In the same way an adaptable runner might spontaneously let go of their attachment to the pre-race plan in order to fill in for an injured teammate while the rest of the van brainstorms how the rest of the race will flow in this new configuration, a creative generalist with design chops (who is officially assigned to the writing team) could lend support to the graphic designer suddenly finding themselves behind schedule when an unplanned, time-sensitive opportunity presents itself. That support could include jumping in to share the workload or it might simply consist of using her design workflow knowledge to help the designer think through a realistic roadmap for the new work, or provide backup should the designer’s conclusion be that the expectation can’t be met with existing resources. 

The creative generalist’s experience distributes emotional weight, works as a check and balance, and can be deployed in various ways to fill in gaps or meet new needs.

“When you’re curious, you find lots of interesting things to do.”
— Walt Disney 

The creative generalist’s ability to task switch likely arose from a combination of penchant (a strong sense of curiosity, wide ranging personal interests, willingness to try new things) and necessity (time spent in startup culture where task lists are long, deadlines are tight, and flat org charts (with lean teams) offer opportunities to work across departments).

The result of what might seem at a glance as a scattershot approach to career development is that the creative generalist’s brain and nervous system are wired differently than those who choose a specific corporate ladder and climb it one rung at a time. The creative generalist has the built-in ability to view each project from a number of perspectives because they have, at various times, been responsible for many of the pieces that make up the whole. This multi-angle perspective allows them to see pathways not always apparent to project managers or specialists. 

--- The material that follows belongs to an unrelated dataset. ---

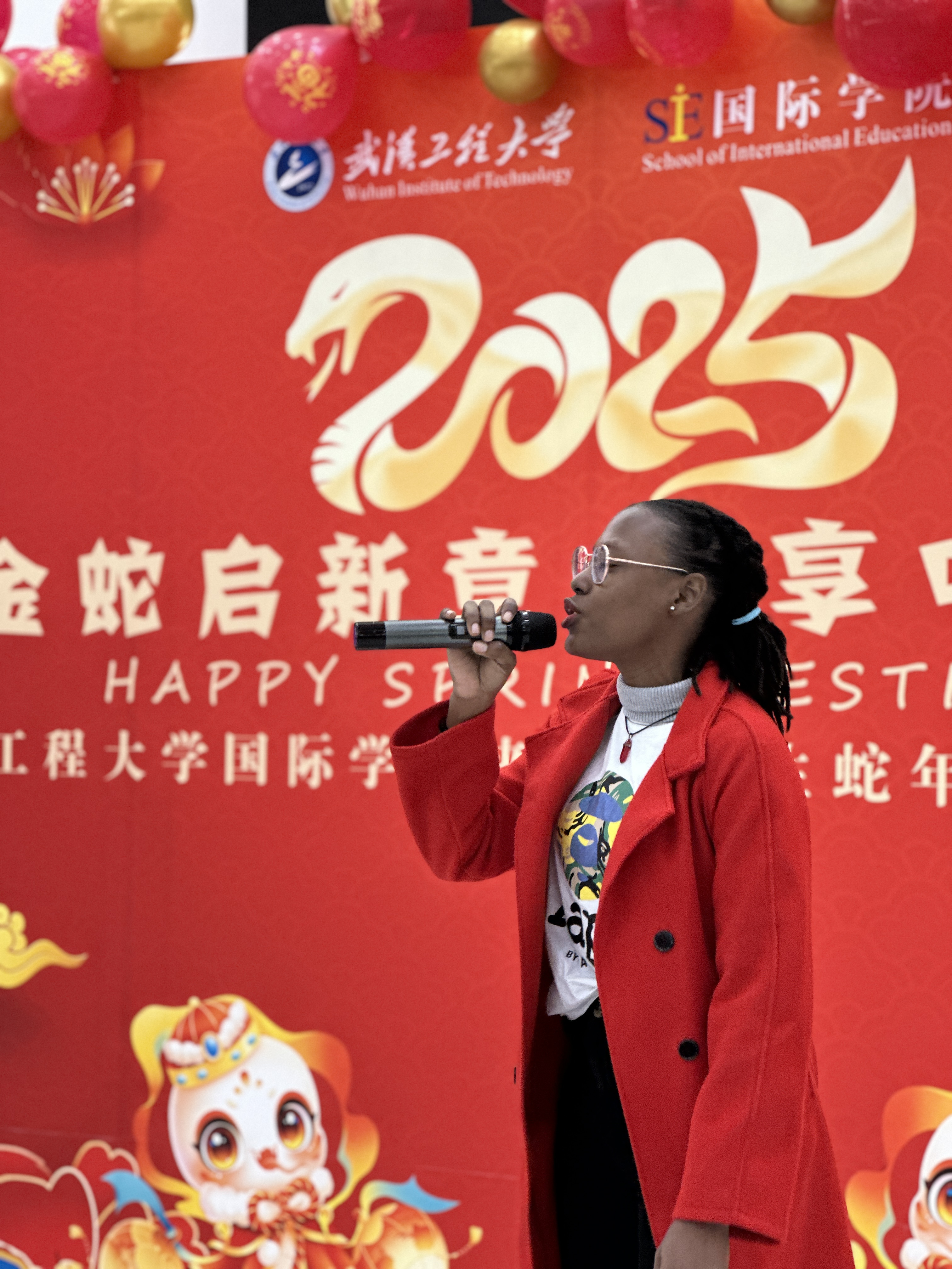 武漢工程大學黨委常委、副校長朱青林在致辭時表示,中國文化源遠流長,擁有著數千年的深厚底蘊,鼓勵來華留學生深入探索中國文化的豐富內涵,積極參與各類文化體驗活動,成為中外文化交流的友好使者,并為留校學生送上了真摯的春節祝福,祝愿同學們在新的一年里學業進步、生活順遂,在中國、在湖北、在武漢工程大學度過充實而美好的時光。

Should one of the team become injured early in the race, the Swiss Army teammate might remember (and be able to gently coax) a runner from last year’s team to meet up along the course and fill in for just one of the injured runner’s legs. That spark of inspiration might lead another teammate to think of someone they know who might be able to similarly participate in a limited — but suddenly very meaningful — way. And just like that, what could have been a race-ending event is not only solved but the innovative, outside-the-box idea to bring in old and new friends creates energy, camaraderie, and a “we can do it” sense of accomplishment for the whole team. 

“Stay hungry. Stay foolish.”
— Steve Jobs

The Swiss Army teammate brings to work their penchant for learning and doing, their fresh perspective, and a skillset that can be exercised in multiple ways to enhance productivity and creativity in a variety of creative disciplines. On the race course, the Swiss Army teammate might not be the fastest runner, but should an unexpected punch knock things out of whack, they’re the ones engaging with can-do curiosity, contributing insight, wisdom, and creativity to the problem solving conversation before hitting the road to run their leg.